Problem statement> Write out, with no changes, every line starting at the one that contains "wykonany jest ze" and ending at the last line of the data below. Leave pictures out.

Records for processing>

..........

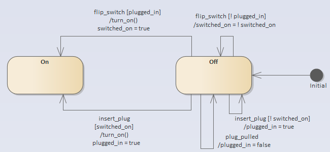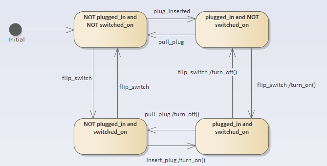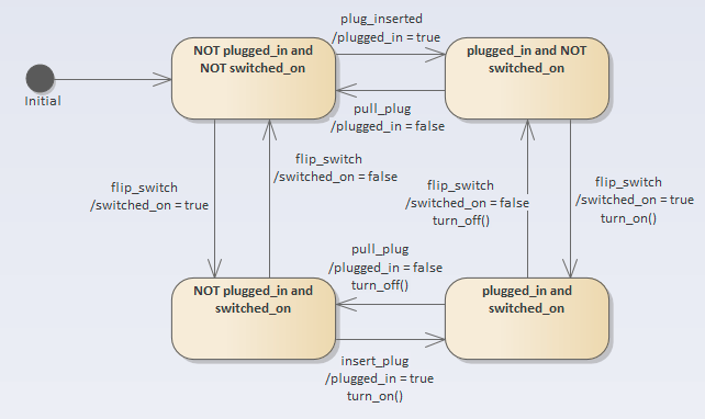 Well … that doesn’t seem so bad. However, with that diagram so far, it’s not possible to turn on the lamp. We have no way to set is_powered or plugged_in when the other isn’t already set. So, more transitions are needed …
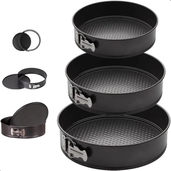 - Conteúdo do Kit: 3 formas redondas com fundo removível (24cm, 26cm, 28cm).
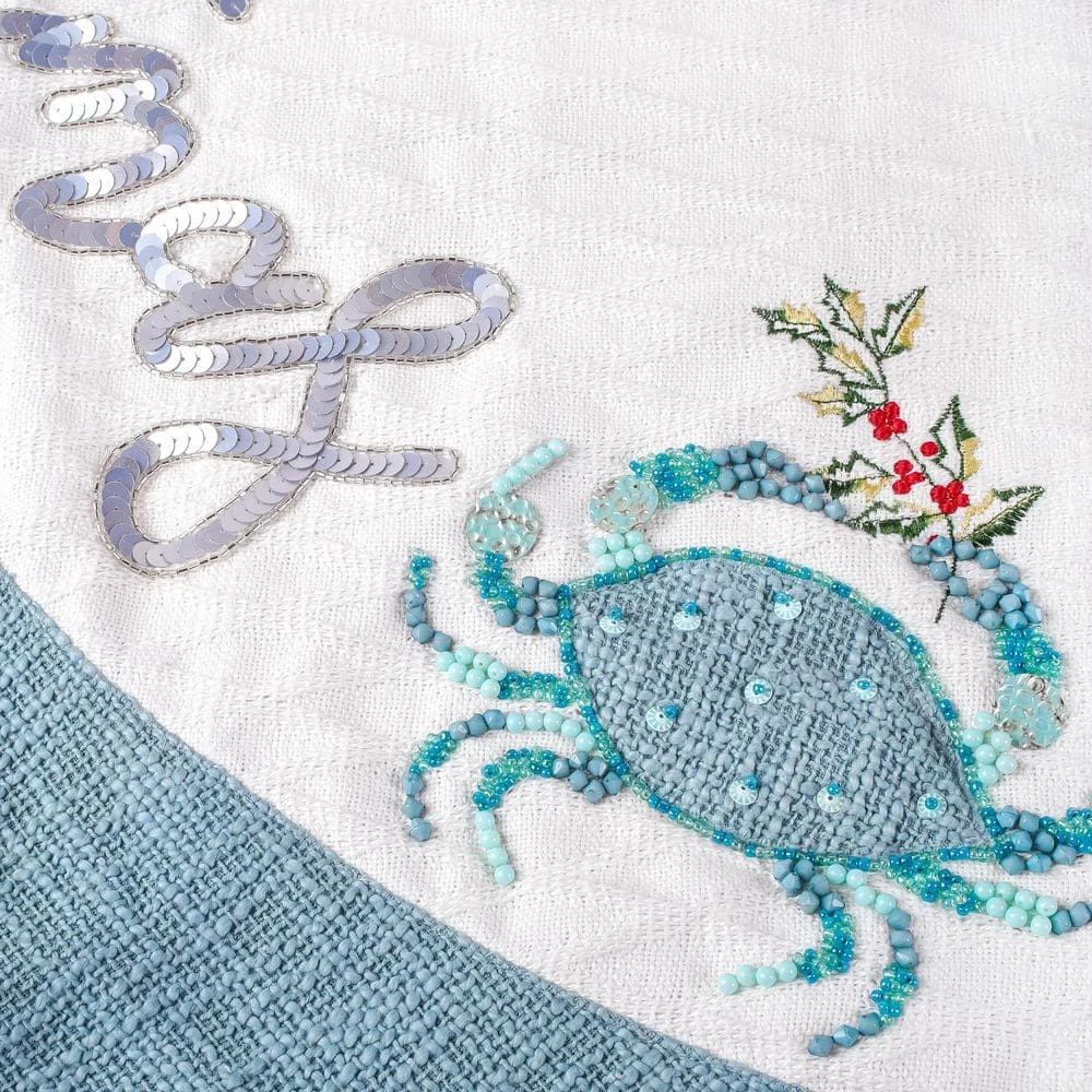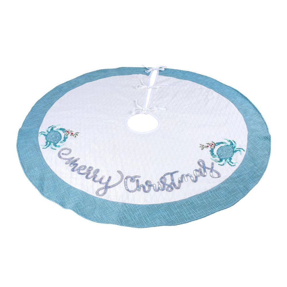 Add a fun and whimsical finishing touch to your Christmas centerpiece. This sea-shore flavored tree skirt featuring blue tones. This has a wide accent border.
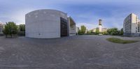 A modern architectural structure on an island in Berlin, surrounded by trees and a clock tower. The cityscape showcases urban design, with concrete and wood walls. A perfect blend of nature and city life.
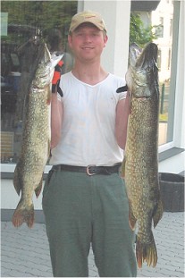 104cm (7kg) und 84cm (3,8kg) Hecht vom 18.06.08, Foto: M. de Koning, Fänger: K. Sandor
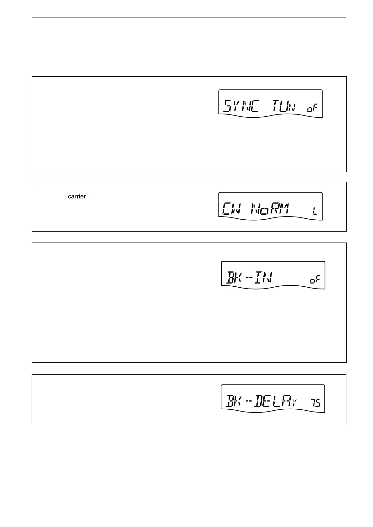 Adjusts break-in delay time for CW semi break-in
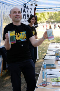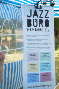 Am Infostand gegenüber der Bühne gibt es die Gelegenheit, die Arbeit des Jazzbüros kennen zu lernen, sich über die Hamburger Jazzszene zu informieren, einen Schnack mit den auftretenden Musiker*innen zu halten und ihre CDs zu erwerben.
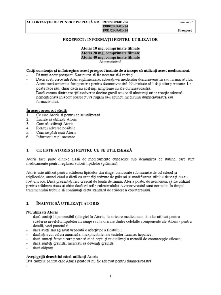 Atoris 10 mg prospect. Doza initiala uzuala de atoris este de 10 mg o data pe zi la adulti adolescenti si copii cu varsta de 10 ani sau mai mare. As we said before you will also need to change your lifestyle and diet to achieve the best effect and preserve your health. This medicine is to be used for longer periods of time. Initial dose is usually atoris 10 mg once a day.
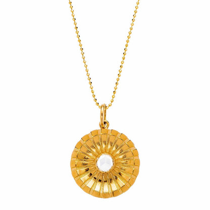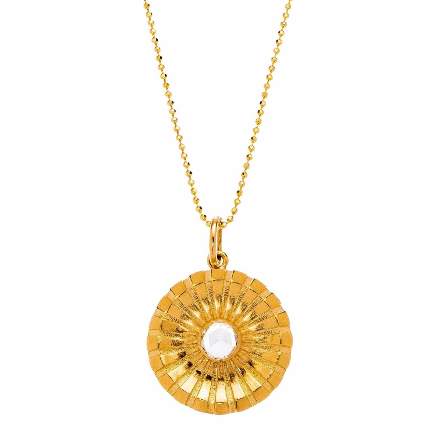Our Chakra White Diamond Necklace is inspired by the wheel motif, a notion of movement and strength to forge ahead both in bliss and in strife. Add to your everyday layering story as a reminder to keep on moving.
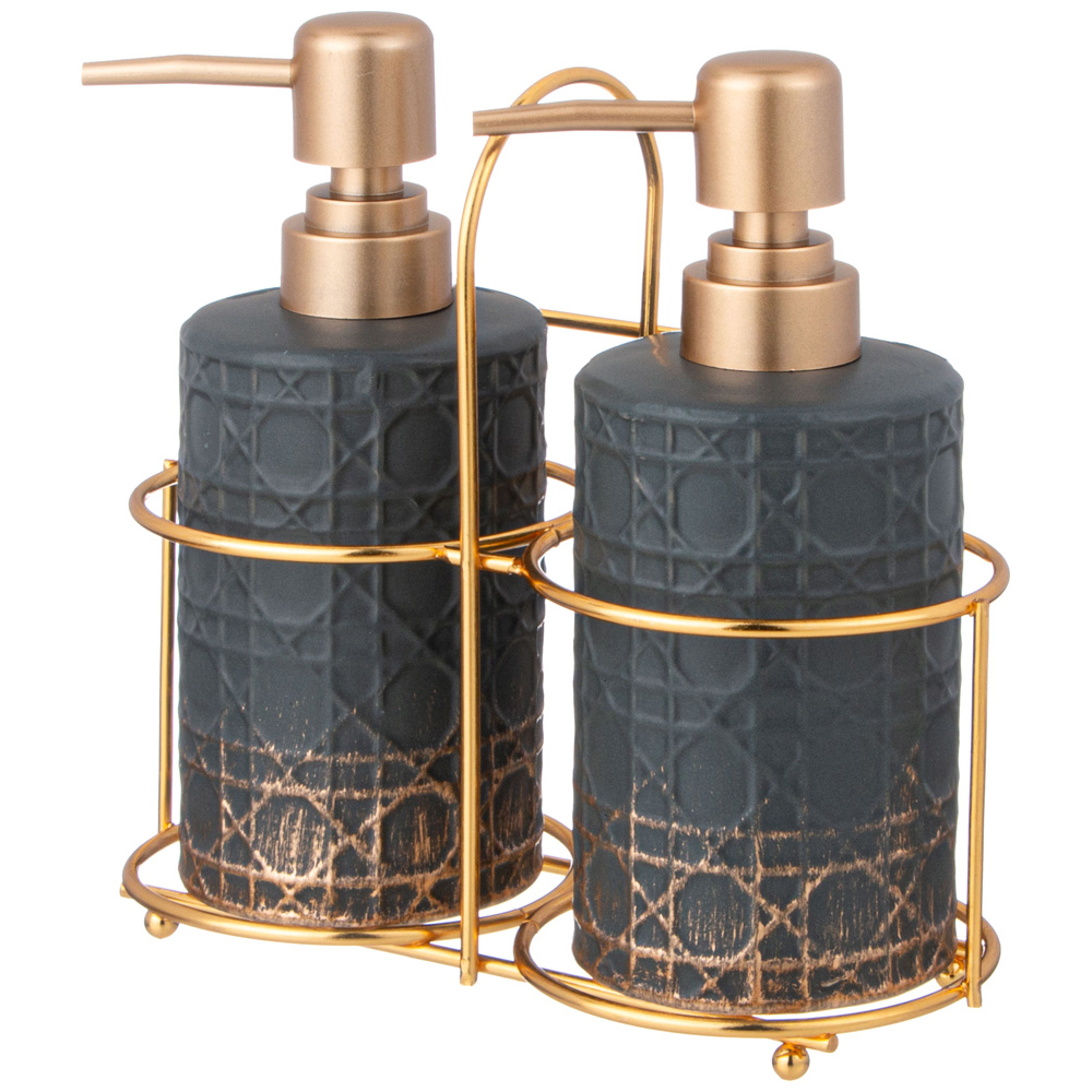 Секрет удачного оформления любого интерьера — яркие аксессуары! Дозатор для ванной не только внесёт изюминку в интерьер, но и придаст ему стильность, уют и ощущение завершенности. В комплект входят 2 дозатора для жидкого моющего средства и подставка.
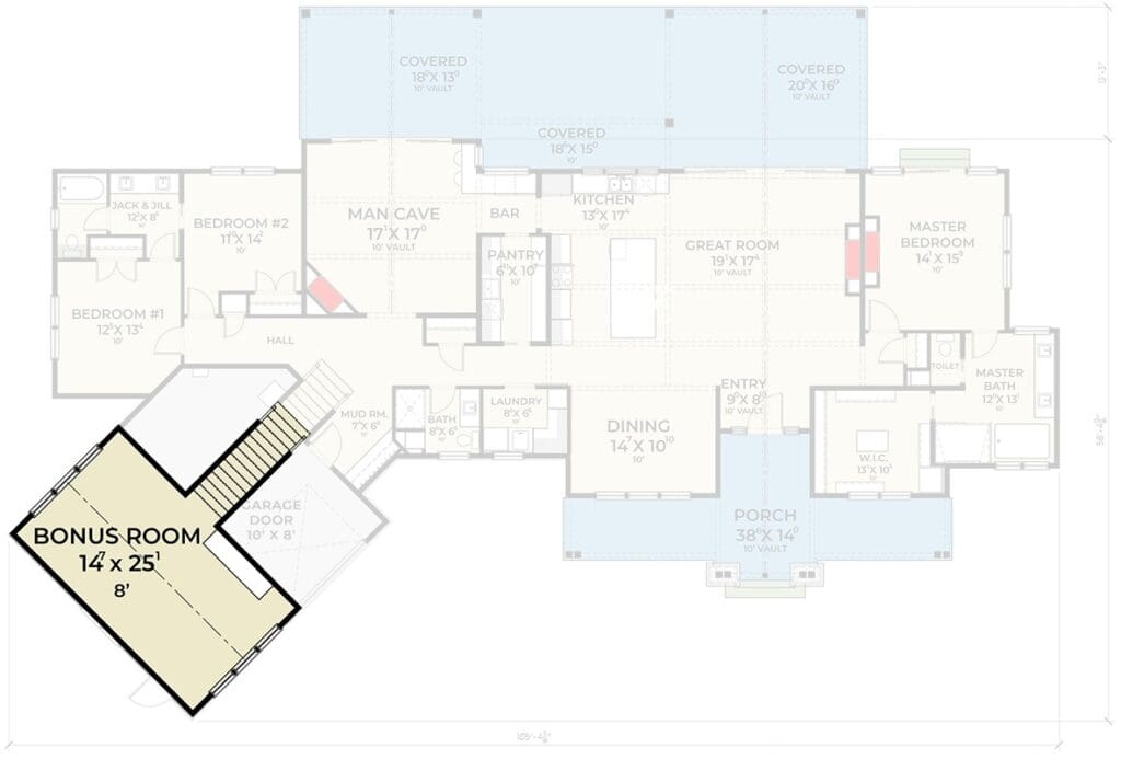 Above the garage, you’ll find a 431-square-foot bonus room.
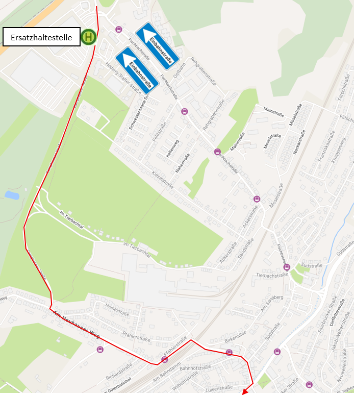 Die Haltestellen auf der Umleitungsstrecke können bei Bedarf bedient werden.
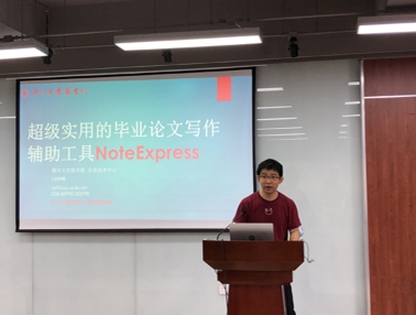 望江校区皮革楼215报告厅开展了一场关于“NoteExpress文献管理软件使用方法”的讲座。参加本次活动的主要人员有服装与服饰设计专业毕业年级学生、毕业论文指导教师,讲座由系主任杨璐铭教授主持。
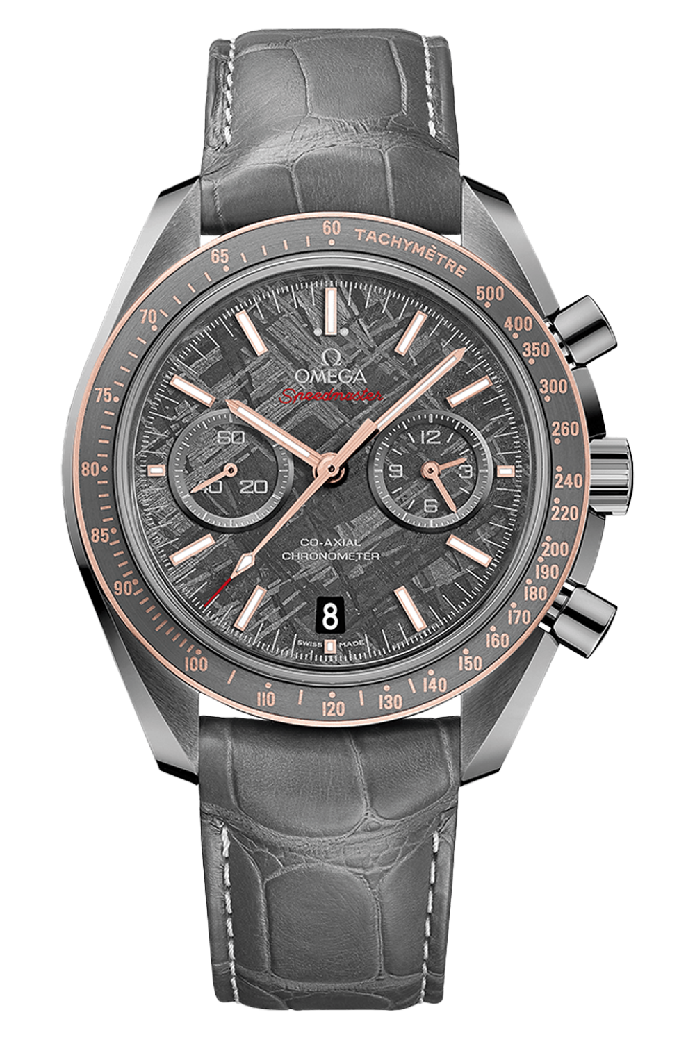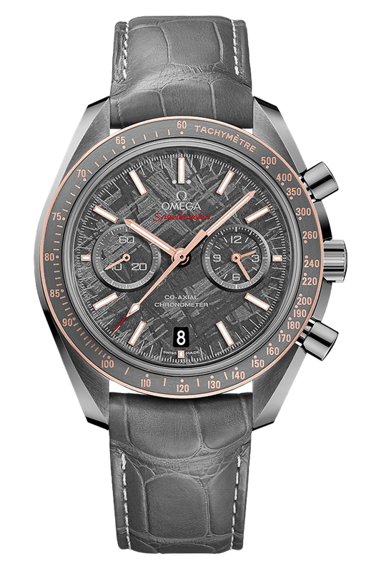 Reminiscent of its legendary predecessors, the Speedmaster Grey Side of the Moon ""Meteorite"" has a 60-minute and 12-hour recorder at 3 o’clock and a small seconds sub-dial at 9 o’clock. OMEGA’s Co-Axial calibre 9300 can be seen through the bevelled sapphire crystal caseback.
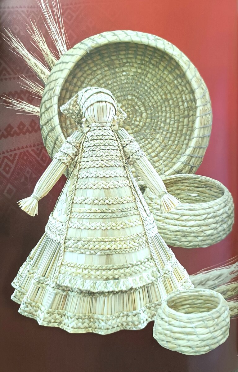 Соломка - теплый солнечный материал, она словно имеет волшебную силу. Плетение из соломы обладает магической притягательностью. Тот, кто хоть раз пробовал переплетать соломинки, навсегда останется страстным ценителем этого удивительного древнего искусства. В повседневной жизни человек научился изготавливать из соломы шляпы, половики, корзины, хозяйственную утварь, игрушки, украшения. Удмуртия богата интересными, талантливыми мастерами, работающими в этой области. Творческие работы Е. А. Чермяниной (Дебесский район) навеяны дыханием старины, знакомят с мифологическими образами, легендами, преданиями, обрядами древних удмуртов. Изучение народного костюма дало мастерице возможность разработать соломенных кукол в национальных костюмах северных удмуртов с использованием текстиля. З. В. Силантьева (Малопургинский район) стояла у истоков возрождения плетения из соломы, на основе старинной "танцующей" куклы создала образ современной удмуртской соломенной куклы. Изделия являются образцовыми для
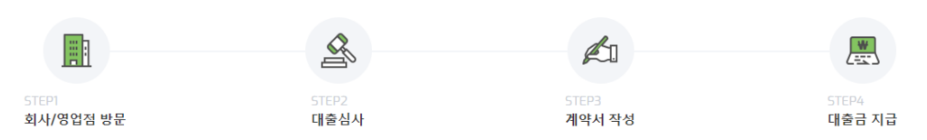홈페이지 열기 > 대출신청 > 이름 및 전화번호 입력 > 상담 > 대출완료
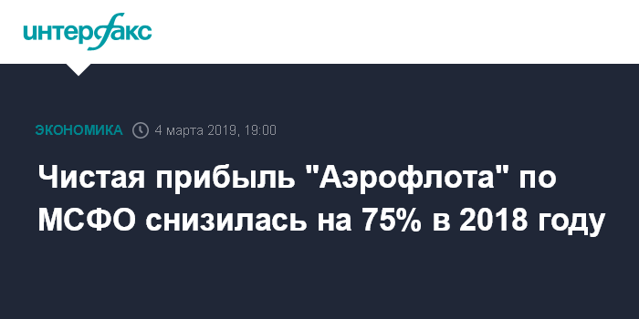 Москва. 4 марта. INTERFAX.RU - "Аэрофлот" в 2018 году снизил чистую прибыль по МСФО на 75% по сравнению с показателем 2017 года, до 5,7 млрд руб., говорится в отчете компании. Консенсус-прогноз "Интерфакса" предполагал чистую прибыль в размере 8,7 млрд рублей.
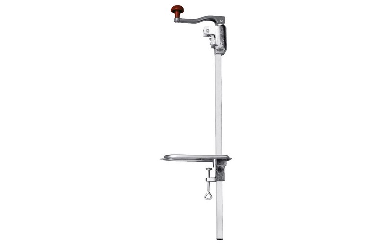 wykonany jest ze stali nierdzewnej. Można nim otwierać puszki o wysokości do 400 mm. Otwieracz mocowany jest do blatu za pomocą złącza śrubowego, pozwala to łatwo go zdemontować np. do mycia.
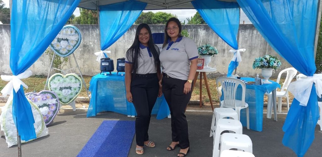 A equipe da funerária montou um estande em frente ao cemitério Jardim da Saudade, lá estiveram realizando:
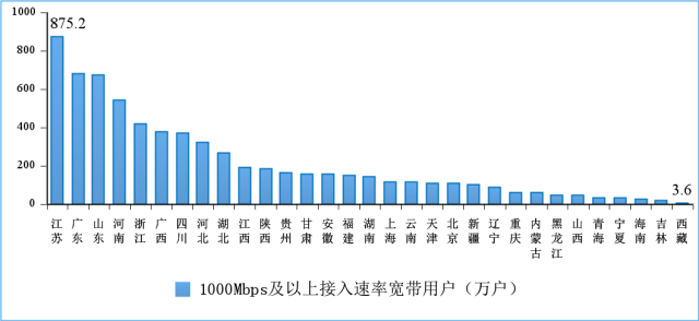 圖9 2022年7月份1000Mbps及以上接入速率的寬帶接入用戶(hù)各省情況
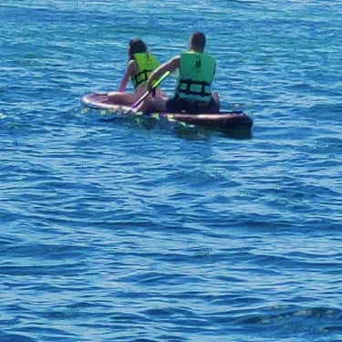 Geen peddleboard voor mij, nee hoor. Ik worstel me stoer, zij het puffend, tot boven het koraal. Daar ontdek ik dat Nadine ondertussen een persoonlijke snorkelinstructeur heeft ingepalmd. Terwijl ik vecht tegen de golven en mijn duikmasker, wordt zij vlotjes rondgeleid langs de mooiste plekjes.
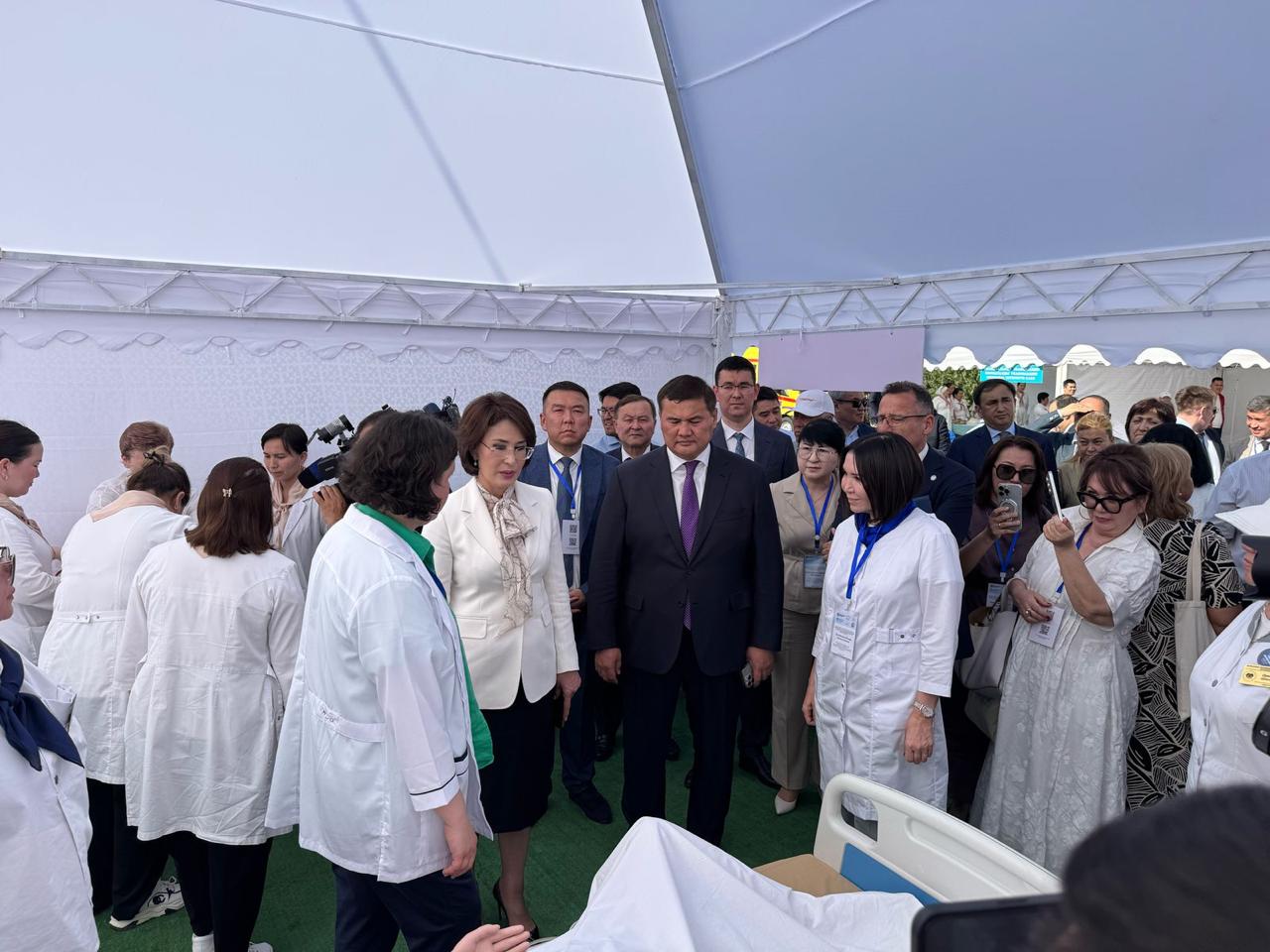 Іссапар аясында Денсаулық сақтау министрлігінің делегациясы, республикалық медициналық ұйымдар мен өңірлердің денсаулық сақтау басқармасы басшылары облыс орталығы мен аудандардағы медицина ұйымдарының жұмысымен танысып, тәжірибе алмасуда.

..........

Solved exercise>
 wykonany jest ze stali nierdzewnej. Można nim otwierać puszki o wysokości do 400 mm. Otwieracz mocowany jest do blatu za pomocą złącza śrubowego, pozwala to łatwo go zdemontować np. do mycia.
 A equipe da funerária montou um estande em frente ao cemitério Jardim da Saudade, lá estiveram realizando:
 圖9 2022年7月份1000Mbps及以上接入速率的寬帶接入用戶(hù)各省情況
 Geen peddleboard voor mij, nee hoor. Ik worstel me stoer, zij het puffend, tot boven het koraal. Daar ontdek ik dat Nadine ondertussen een persoonlijke snorkelinstructeur heeft ingepalmd. Terwijl ik vecht tegen de golven en mijn duikmasker, wordt zij vlotjes rondgeleid langs de mooiste plekjes.
 Іссапар аясында Денсаулық сақтау министрлігінің делегациясы, республикалық медициналық ұйымдар мен өңірлердің денсаулық сақтау басқармасы басшылары облыс орталығы мен аудандардағы медицина ұйымдарының жұмысымен танысып, тәжірибе алмасуда.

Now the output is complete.